Едва ли не самой очаровательной среди наших обезьянок оказался детеныш усатой мартышки, которого добыл Смит, когда ходил на охоту в глубь страны. Таких крохотных мартышек я еще не видывал: если бы не длинный изящный хвост, она вся преспокойно уместилась бы в чайной чашке. Спина у нее зеленовато-серая, манишка белая, на щеках-ярко-желтые пятна. Но самое примечательное — лицо: по всей верхней губе тянется широкая волнистая совсем белая полоска, и кажется, будто у обезьянки солидные седые усы. Рот у детеныша не по росту огромный — в него легко влезла соска бутылочки с молоком.

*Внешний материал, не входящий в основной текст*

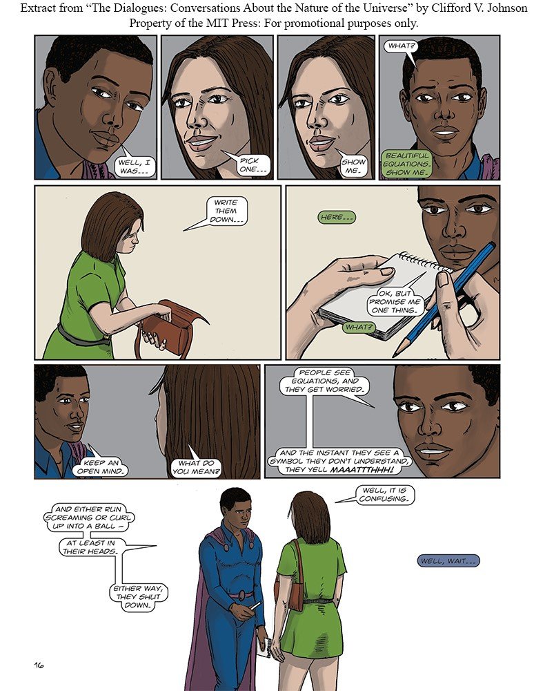 Physicist Clifford Johnson thinks that we should have more conversations about science. Science should be on our daily conversation menu, along with topics like politics, books, sports, or the latest prestige cable drama. Conversations about science, he tells us, shouldn't be left to the experts. In The Dialogues, Johnson invites us to eavesdrop on a series of nine conversations, in graphic-novel form?written and drawn by Johnson?about "the nature of the universe." The conversations take place all over the world, in museums, on trains, in restaurants, in what may or may not be Freud's favorite coffeehouse. The conversationalists are men, women, children, experts, and amateur science buffs. The topics of their conversations range from the science of cooking to the multiverse and string theory. The graphic form is especially suited for physics; one drawing can show what it would take many words to explain.

Презабавно было видеть, как кормится этот крохотный усатый звереныш: когда ему приносили бутылочку, он кидался к ней, пронзительно повизгивая от радости, плотно обхватывал бутылку ногами и руками и так и лежал, закрыв глаза, и изо всех сил тянул молоко. Выглядело это так, будто его вскармливает большой белый дирижабль — ведь сам он был втрое меньше бутылочки. Детеныш оказался очень смышленым, и мы вскоре научили его пить молоко из блюдца. Малыша приносили и сажали на стол; завидев блюдце, он впадал в настоящую истерику от волнения, трясся, дергался и визжал что есть силы. Как только блюдце ставили перед ним, он кидался в него головой вперед, точно нырял, погружал в молоко всю рожицу и высовывался, только чтобы глотнуть воздуха, когда уже не мог больше не дышать. Иногда жадность его одолевала, и он оставался без воздуха слишком долго — тогда на поверхности молока появлялись пузыри, а уж потом выныривала физиономия; детеныш кашлял, отфыркивался, брызгая молоком на стол и на самого себя. Порой во время кормежки он вдруг решал, что я стою рядом с единственной целью — улучить минуту и отнять у него блюдце: тогда он издавал яростный вопль и срывал мой коварный замысел очень простым способом: подпрыгивал высоко в воздух, с громким всплеском приземлялся в самой середине блюдца и оставался сидеть тут, торжествующе сверкая на меня глазами. Во время еды он ухитрялся так залить молоком всю физиономию, что уже не разобрать было, где начинались и где кончались его усы, а стол выглядел так, будто на нем доили здоровенную корову.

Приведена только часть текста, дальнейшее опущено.